There are pitchers in the game who can break your heart, large men with strong arms and tiny hearts and thick heads. They will blow you away when things are going their way, but at the first sign of trouble, they give in.
"A lot of it goes back to how these guys were brought up," Bosio said. "What were they given? What did they have to earn? Did they have to fight through anything?"
He always had fight, Bosio. Piniella noticed it when Bosio pitched for him in Seattle.
"He was a blue-collar guy, and he pitched like it," Piniella said. "But he was a thinking man's pitcher. He always had an idea in the meetings about what to throw to a certain hitter, how to pitch a certain team. You knew, in due time, he'd be a good pitching coach."
He'd better be. With the Rays, Bosio has a staff that could have been purchased on a clearance rack. There is no ace. There is maybe a 10 of clubs and a handful of discards.
The entire staff earns $4-million. There are dozens of pitchers in the big leagues who make more. Is there someone here who can win 20? Put it this way: The starting rotation won 22 last season.
Hey, Johnny Sain couldn't be successful as the pitching coach for these guys. Heck, Merlin couldn't be successful.
Kennedy. Zambrano. Bierbrodt. Parque. Parris. Ah, the names just roll off your tongue, don't they?
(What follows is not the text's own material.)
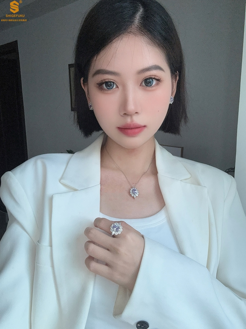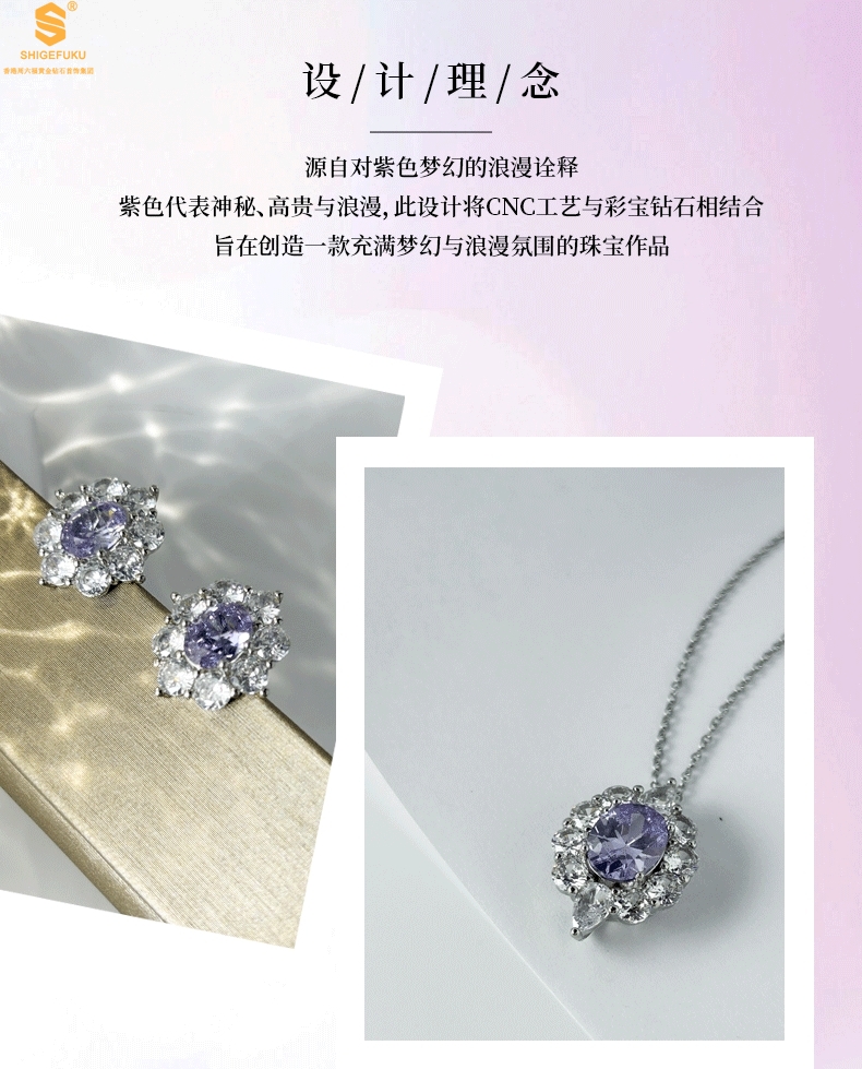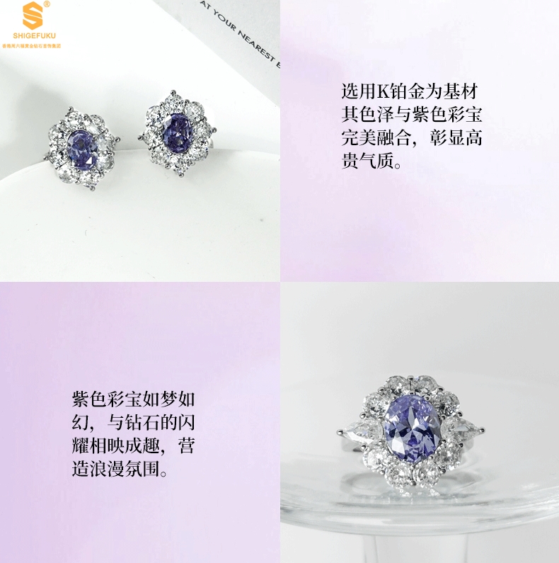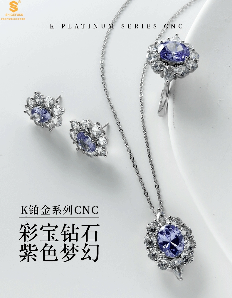 【品名】K铂金CNC彩宝钻石紫色梦幻

Despite it all, not once this spring did another pitching coach sidle up to Bosio and tell him he was jealous.
"No, usually what I heard was, "You have your work cut out for you,"' Bosio said. "And I told every one of them I wouldn't have it any other way. And I wouldn't. I want the biggest challenge. Because it's going to be that much sweeter when we get it done.
"We're going to be the ultimate underdog every time out. But baseball is baseball. If you keep your mistakes to a minimum, you can beat anybody. Payroll doesn't matter. Reputation doesn't matter. This is a new page of a new book in a new series."
On the other hand, ability does matter, and experience and pedigree and savvy and presence and resiliency. For Bosio, for the pitchers, there are a lot of strikes to be thrown before it can overcome all the disadvantages in the way.
As for Bosio?
If he really does have the toughest job in sports, isn't it good to know he's tough enough for the fight?